:: Records for processing ::
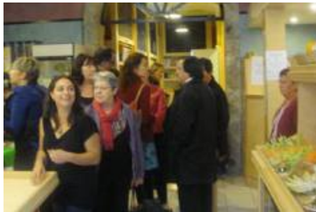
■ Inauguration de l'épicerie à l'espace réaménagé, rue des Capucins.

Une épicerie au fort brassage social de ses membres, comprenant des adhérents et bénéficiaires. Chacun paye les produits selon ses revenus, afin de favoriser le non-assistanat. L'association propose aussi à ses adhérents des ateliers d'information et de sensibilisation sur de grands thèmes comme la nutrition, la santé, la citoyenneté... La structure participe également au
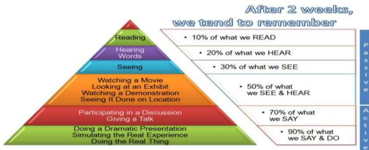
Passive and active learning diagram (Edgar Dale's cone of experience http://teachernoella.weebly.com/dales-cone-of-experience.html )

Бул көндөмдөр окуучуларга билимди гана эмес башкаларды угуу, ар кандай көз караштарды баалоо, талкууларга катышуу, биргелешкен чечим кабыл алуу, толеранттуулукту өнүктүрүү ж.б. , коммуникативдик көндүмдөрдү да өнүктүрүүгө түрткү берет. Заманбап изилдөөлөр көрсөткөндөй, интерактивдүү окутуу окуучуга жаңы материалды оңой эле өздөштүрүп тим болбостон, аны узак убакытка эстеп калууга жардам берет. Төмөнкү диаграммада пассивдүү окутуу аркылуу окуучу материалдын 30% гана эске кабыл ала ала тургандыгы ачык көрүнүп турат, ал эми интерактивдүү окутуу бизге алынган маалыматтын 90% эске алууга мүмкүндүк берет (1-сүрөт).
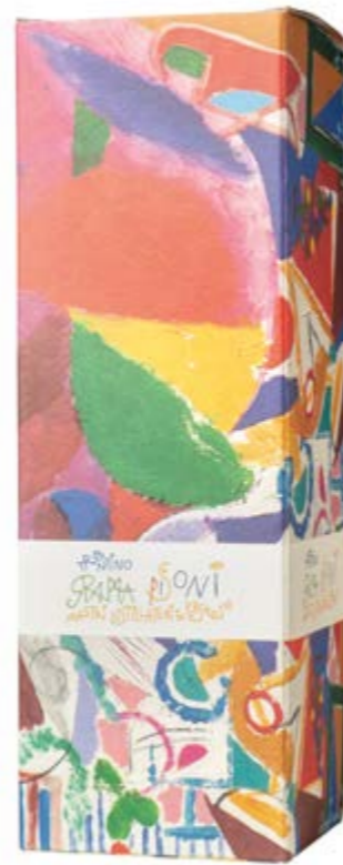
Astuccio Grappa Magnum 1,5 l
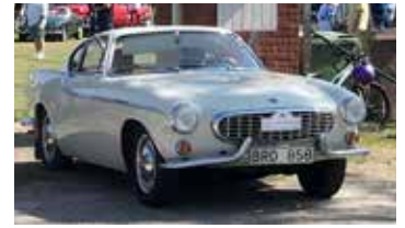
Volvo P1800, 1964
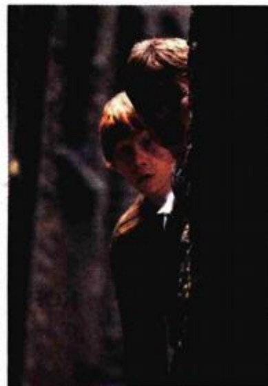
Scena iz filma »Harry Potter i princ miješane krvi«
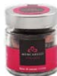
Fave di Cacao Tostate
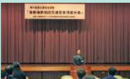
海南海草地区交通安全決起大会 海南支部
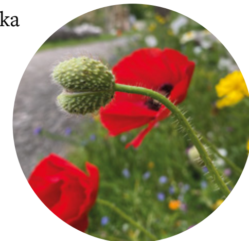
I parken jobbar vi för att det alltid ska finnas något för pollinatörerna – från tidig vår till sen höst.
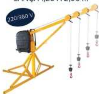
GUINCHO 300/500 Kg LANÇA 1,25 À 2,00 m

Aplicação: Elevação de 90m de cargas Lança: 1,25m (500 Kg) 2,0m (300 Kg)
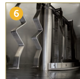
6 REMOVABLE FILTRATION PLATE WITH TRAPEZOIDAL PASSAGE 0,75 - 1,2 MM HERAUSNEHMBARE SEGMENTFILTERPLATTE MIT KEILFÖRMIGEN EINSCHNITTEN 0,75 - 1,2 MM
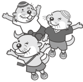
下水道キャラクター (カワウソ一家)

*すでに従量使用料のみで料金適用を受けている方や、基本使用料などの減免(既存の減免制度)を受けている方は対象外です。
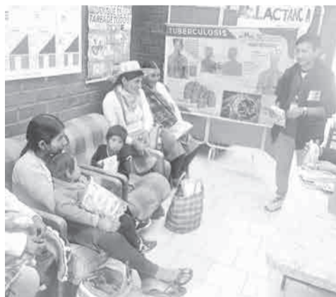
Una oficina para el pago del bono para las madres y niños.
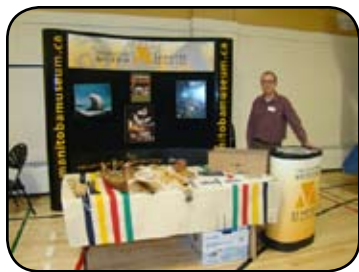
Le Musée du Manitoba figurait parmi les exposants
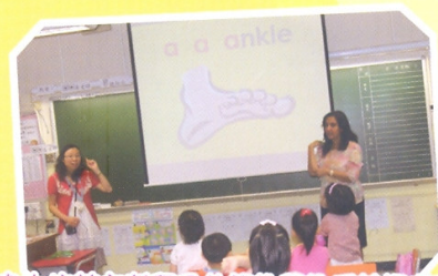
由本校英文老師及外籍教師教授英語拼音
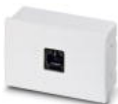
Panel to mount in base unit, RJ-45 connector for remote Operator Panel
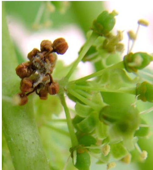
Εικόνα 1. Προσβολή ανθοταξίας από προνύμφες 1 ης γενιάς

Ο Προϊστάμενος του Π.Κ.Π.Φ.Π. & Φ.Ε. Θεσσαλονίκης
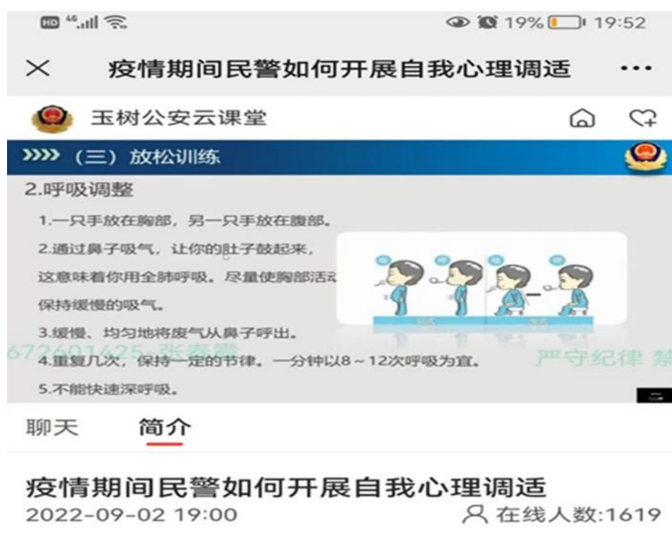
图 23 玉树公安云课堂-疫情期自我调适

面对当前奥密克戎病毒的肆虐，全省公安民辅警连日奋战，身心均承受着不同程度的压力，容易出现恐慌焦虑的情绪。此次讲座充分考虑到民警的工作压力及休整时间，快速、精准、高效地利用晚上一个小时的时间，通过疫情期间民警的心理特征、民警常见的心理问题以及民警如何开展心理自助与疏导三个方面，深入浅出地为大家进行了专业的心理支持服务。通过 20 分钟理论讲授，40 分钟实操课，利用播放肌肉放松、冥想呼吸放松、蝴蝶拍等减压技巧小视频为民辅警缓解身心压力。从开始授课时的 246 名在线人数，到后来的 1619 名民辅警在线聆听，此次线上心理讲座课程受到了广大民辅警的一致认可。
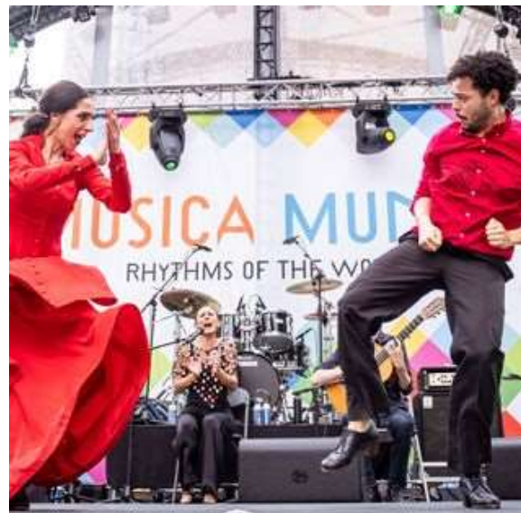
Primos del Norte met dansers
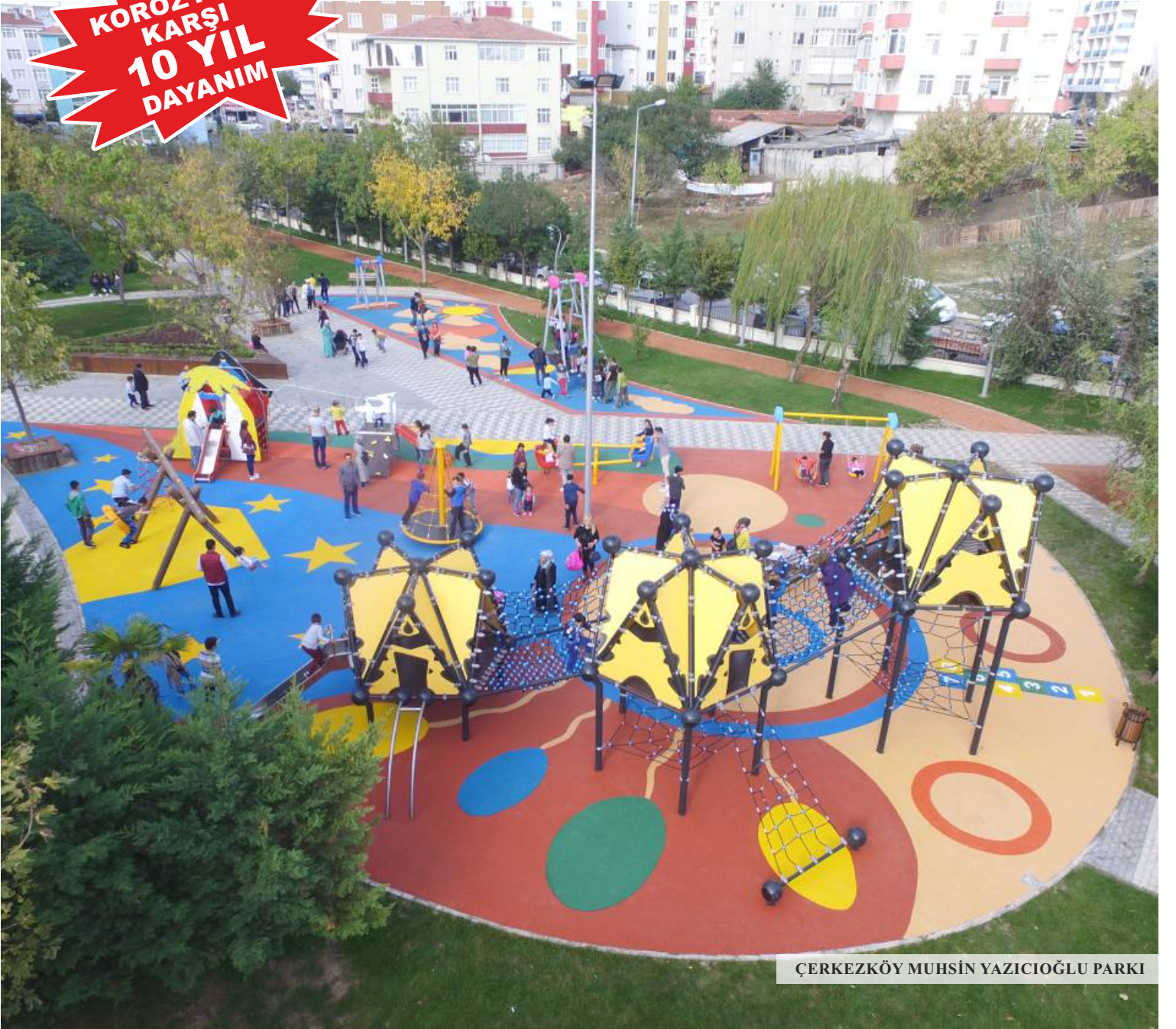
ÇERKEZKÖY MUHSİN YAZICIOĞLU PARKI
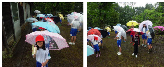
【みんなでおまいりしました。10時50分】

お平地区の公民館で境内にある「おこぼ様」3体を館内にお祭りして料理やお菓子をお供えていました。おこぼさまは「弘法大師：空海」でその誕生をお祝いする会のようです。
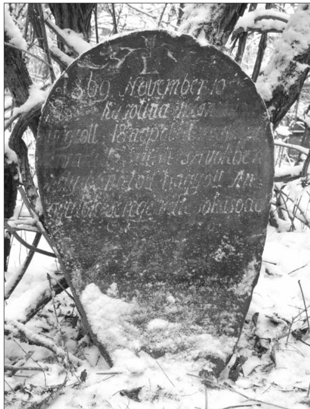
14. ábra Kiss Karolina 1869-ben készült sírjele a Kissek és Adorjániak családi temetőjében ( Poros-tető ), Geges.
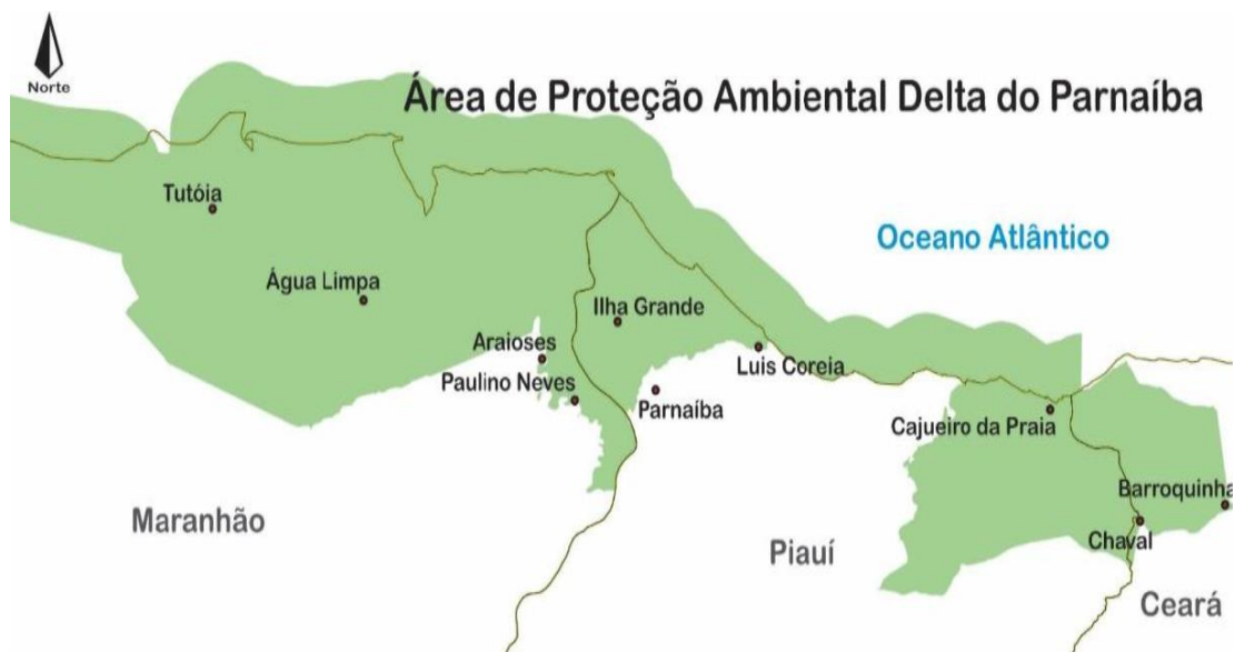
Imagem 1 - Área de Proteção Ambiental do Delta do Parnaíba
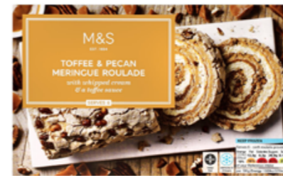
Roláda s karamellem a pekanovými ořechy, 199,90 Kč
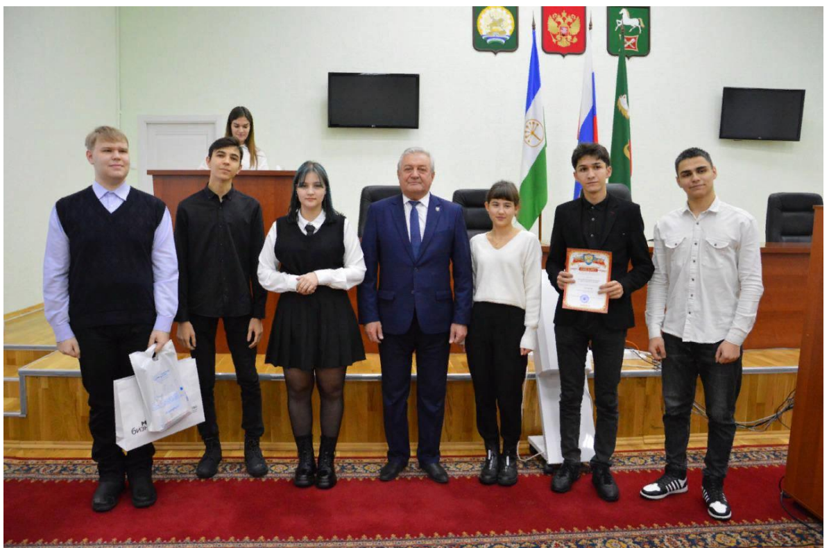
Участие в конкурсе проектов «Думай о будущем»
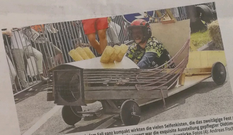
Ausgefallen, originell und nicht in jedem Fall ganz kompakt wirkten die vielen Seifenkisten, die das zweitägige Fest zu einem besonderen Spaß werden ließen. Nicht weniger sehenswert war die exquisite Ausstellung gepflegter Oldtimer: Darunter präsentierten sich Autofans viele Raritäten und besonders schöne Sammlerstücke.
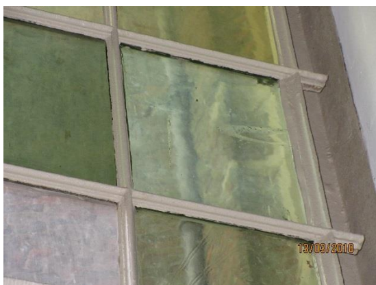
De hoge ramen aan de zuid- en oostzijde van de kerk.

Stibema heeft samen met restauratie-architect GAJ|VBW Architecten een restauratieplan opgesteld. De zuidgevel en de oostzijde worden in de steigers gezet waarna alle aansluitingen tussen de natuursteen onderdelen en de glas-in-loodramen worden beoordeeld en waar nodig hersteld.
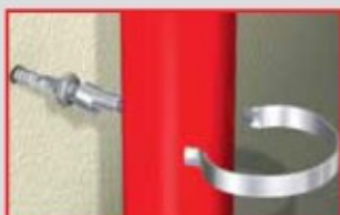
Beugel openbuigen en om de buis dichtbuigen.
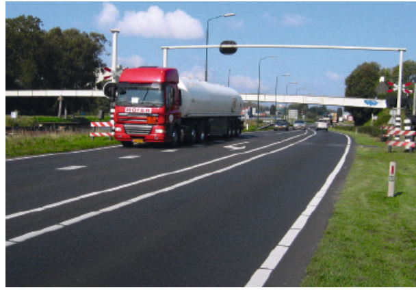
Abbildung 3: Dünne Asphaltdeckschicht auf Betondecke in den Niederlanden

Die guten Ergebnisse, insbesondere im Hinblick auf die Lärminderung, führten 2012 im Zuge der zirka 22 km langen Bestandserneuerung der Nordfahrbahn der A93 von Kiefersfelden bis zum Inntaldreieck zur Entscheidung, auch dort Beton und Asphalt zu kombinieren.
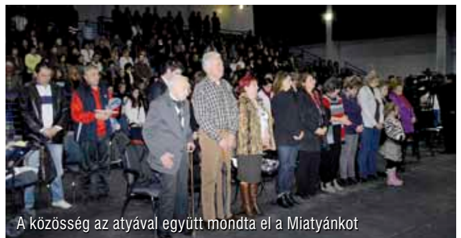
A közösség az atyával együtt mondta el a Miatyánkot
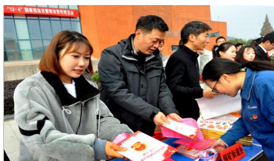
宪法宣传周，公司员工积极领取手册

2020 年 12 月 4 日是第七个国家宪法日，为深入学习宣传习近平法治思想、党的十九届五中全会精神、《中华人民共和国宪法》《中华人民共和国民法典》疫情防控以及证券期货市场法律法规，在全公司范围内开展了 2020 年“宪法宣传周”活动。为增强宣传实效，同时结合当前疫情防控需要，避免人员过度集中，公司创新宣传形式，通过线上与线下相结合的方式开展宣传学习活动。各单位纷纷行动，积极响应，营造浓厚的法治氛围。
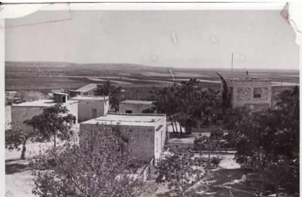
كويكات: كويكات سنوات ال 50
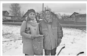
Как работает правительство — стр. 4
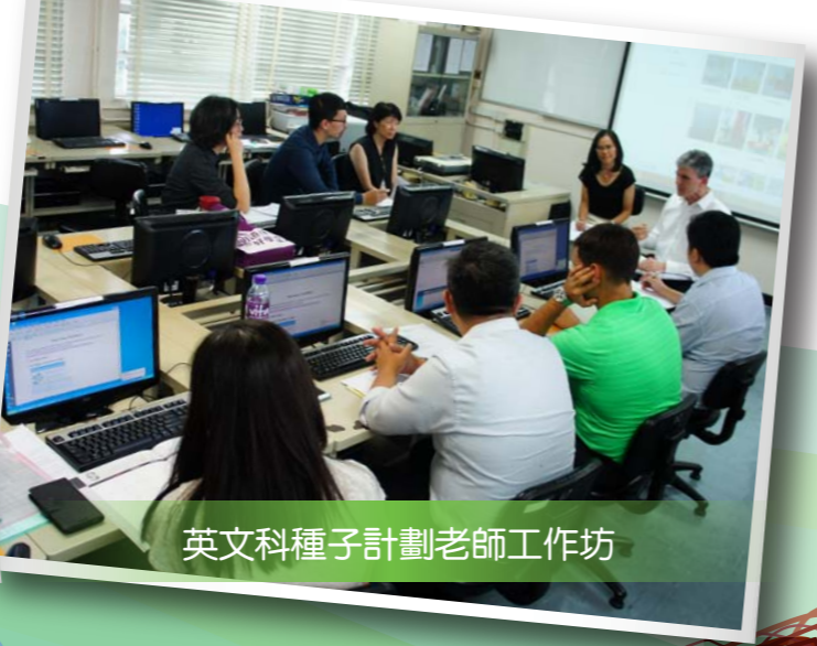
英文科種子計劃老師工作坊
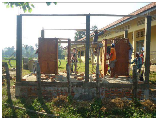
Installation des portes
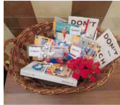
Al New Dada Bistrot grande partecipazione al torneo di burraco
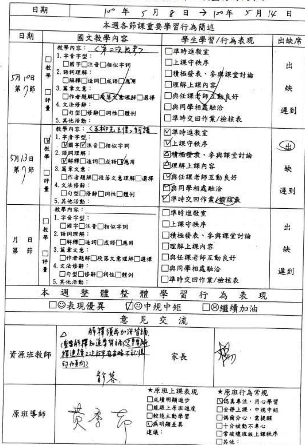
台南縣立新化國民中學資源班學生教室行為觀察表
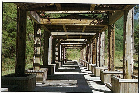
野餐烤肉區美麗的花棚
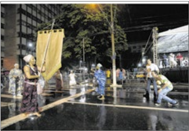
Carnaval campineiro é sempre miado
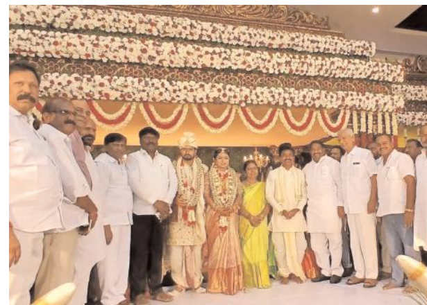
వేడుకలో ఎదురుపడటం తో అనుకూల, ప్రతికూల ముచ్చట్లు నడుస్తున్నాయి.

:: Action item ::
What you give back should match the entries above exactly, except that pictures are dropped.

:: Exercise result ::
■ Inauguration de l'épicerie à l'espace réaménagé, rue des Capucins.

Une épicerie au fort brassage social de ses membres, comprenant des adhérents et bénéficiaires. Chacun paye les produits selon ses revenus, afin de favoriser le non-assistanat. L'association propose aussi à ses adhérents des ateliers d'information et de sensibilisation sur de grands thèmes comme la nutrition, la santé, la citoyenneté... La structure participe également au
Passive and active learning diagram (Edgar Dale's cone of experience http://teachernoella.weebly.com/dales-cone-of-experience.html )

Бул көндөмдөр окуучуларга билимди гана эмес башкаларды угуу, ар кандай көз караштарды баалоо, талкууларга катышуу, биргелешкен чечим кабыл алуу, толеранттуулукту өнүктүрүү ж.б. , коммуникативдик көндүмдөрдү да өнүктүрүүгө түрткү берет. Заманбап изилдөөлөр көрсөткөндөй, интерактивдүү окутуу окуучуга жаңы материалды оңой эле өздөштүрүп тим болбостон, аны узак убакытка эстеп калууга жардам берет. Төмөнкү диаграммада пассивдүү окутуу аркылуу окуучу материалдын 30% гана эске кабыл ала ала тургандыгы ачык көрүнүп турат, ал эми интерактивдүү окутуу бизге алынган маалыматтын 90% эске алууга мүмкүндүк берет (1-сүрөт).
Astuccio Grappa Magnum 1,5 l
Volvo P1800, 1964
Scena iz filma »Harry Potter i princ miješane krvi«
Fave di Cacao Tostate
海南海草地区交通安全決起大会 海南支部
I parken jobbar vi för att det alltid ska finnas något för pollinatörerna – från tidig vår till sen höst.
GUINCHO 300/500 Kg LANÇA 1,25 À 2,00 m

Aplicação: Elevação de 90m de cargas Lança: 1,25m (500 Kg) 2,0m (300 Kg)
6 REMOVABLE FILTRATION PLATE WITH TRAPEZOIDAL PASSAGE 0,75 - 1,2 MM HERAUSNEHMBARE SEGMENTFILTERPLATTE MIT KEILFÖRMIGEN EINSCHNITTEN 0,75 - 1,2 MM
下水道キャラクター (カワウソ一家)

*すでに従量使用料のみで料金適用を受けている方や、基本使用料などの減免(既存の減免制度)を受けている方は対象外です。
Una oficina para el pago del bono para las madres y niños.
Le Musée du Manitoba figurait parmi les exposants
由本校英文老師及外籍教師教授英語拼音
Panel to mount in base unit, RJ-45 connector for remote Operator Panel
Εικόνα 1. Προσβολή ανθοταξίας από προνύμφες 1 ης γενιάς

Ο Προϊστάμενος του Π.Κ.Π.Φ.Π. & Φ.Ε. Θεσσαλονίκης
图 23 玉树公安云课堂-疫情期自我调适

面对当前奥密克戎病毒的肆虐，全省公安民辅警连日奋战，身心均承受着不同程度的压力，容易出现恐慌焦虑的情绪。此次讲座充分考虑到民警的工作压力及休整时间，快速、精准、高效地利用晚上一个小时的时间，通过疫情期间民警的心理特征、民警常见的心理问题以及民警如何开展心理自助与疏导三个方面，深入浅出地为大家进行了专业的心理支持服务。通过 20 分钟理论讲授，40 分钟实操课，利用播放肌肉放松、冥想呼吸放松、蝴蝶拍等减压技巧小视频为民辅警缓解身心压力。从开始授课时的 246 名在线人数，到后来的 1619 名民辅警在线聆听，此次线上心理讲座课程受到了广大民辅警的一致认可。
Primos del Norte met dansers
ÇERKEZKÖY MUHSİN YAZICIOĞLU PARKI
【みんなでおまいりしました。10時50分】

お平地区の公民館で境内にある「おこぼ様」3体を館内にお祭りして料理やお菓子をお供えていました。おこぼさまは「弘法大師：空海」でその誕生をお祝いする会のようです。
14. ábra Kiss Karolina 1869-ben készült sírjele a Kissek és Adorjániak családi temetőjében ( Poros-tető ), Geges.
Imagem 1 - Área de Proteção Ambiental do Delta do Parnaíba
Roláda s karamellem a pekanovými ořechy, 199,90 Kč
Участие в конкурсе проектов «Думай о будущем»
Ausgefallen, originell und nicht in jedem Fall ganz kompakt wirkten die vielen Seifenkisten, die das zweitägige Fest zu einem besonderen Spaß werden ließen. Nicht weniger sehenswert war die exquisite Ausstellung gepflegter Oldtimer: Darunter präsentierten sich Autofans viele Raritäten und besonders schöne Sammlerstücke.
De hoge ramen aan de zuid- en oostzijde van de kerk.

Stibema heeft samen met restauratie-architect GAJ|VBW Architecten een restauratieplan opgesteld. De zuidgevel en de oostzijde worden in de steigers gezet waarna alle aansluitingen tussen de natuursteen onderdelen en de glas-in-loodramen worden beoordeeld en waar nodig hersteld.
Beugel openbuigen en om de buis dichtbuigen.
Abbildung 3: Dünne Asphaltdeckschicht auf Betondecke in den Niederlanden

Die guten Ergebnisse, insbesondere im Hinblick auf die Lärminderung, führten 2012 im Zuge der zirka 22 km langen Bestandserneuerung der Nordfahrbahn der A93 von Kiefersfelden bis zum Inntaldreieck zur Entscheidung, auch dort Beton und Asphalt zu kombinieren.
A közösség az atyával együtt mondta el a Miatyánkot
宪法宣传周，公司员工积极领取手册

2020 年 12 月 4 日是第七个国家宪法日，为深入学习宣传习近平法治思想、党的十九届五中全会精神、《中华人民共和国宪法》《中华人民共和国民法典》疫情防控以及证券期货市场法律法规，在全公司范围内开展了 2020 年“宪法宣传周”活动。为增强宣传实效，同时结合当前疫情防控需要，避免人员过度集中，公司创新宣传形式，通过线上与线下相结合的方式开展宣传学习活动。各单位纷纷行动，积极响应，营造浓厚的法治氛围。
كويكات: كويكات سنوات ال 50
Как работает правительство — стр. 4
英文科種子計劃老師工作坊
Installation des portes
Al New Dada Bistrot grande partecipazione al torneo di burraco
台南縣立新化國民中學資源班學生教室行為觀察表
野餐烤肉區美麗的花棚
Carnaval campineiro é sempre miado
వేడుకలో ఎదురుపడటం తో అనుకూల, ప్రతికూల ముచ్చట్లు నడుస్తున్నాయి.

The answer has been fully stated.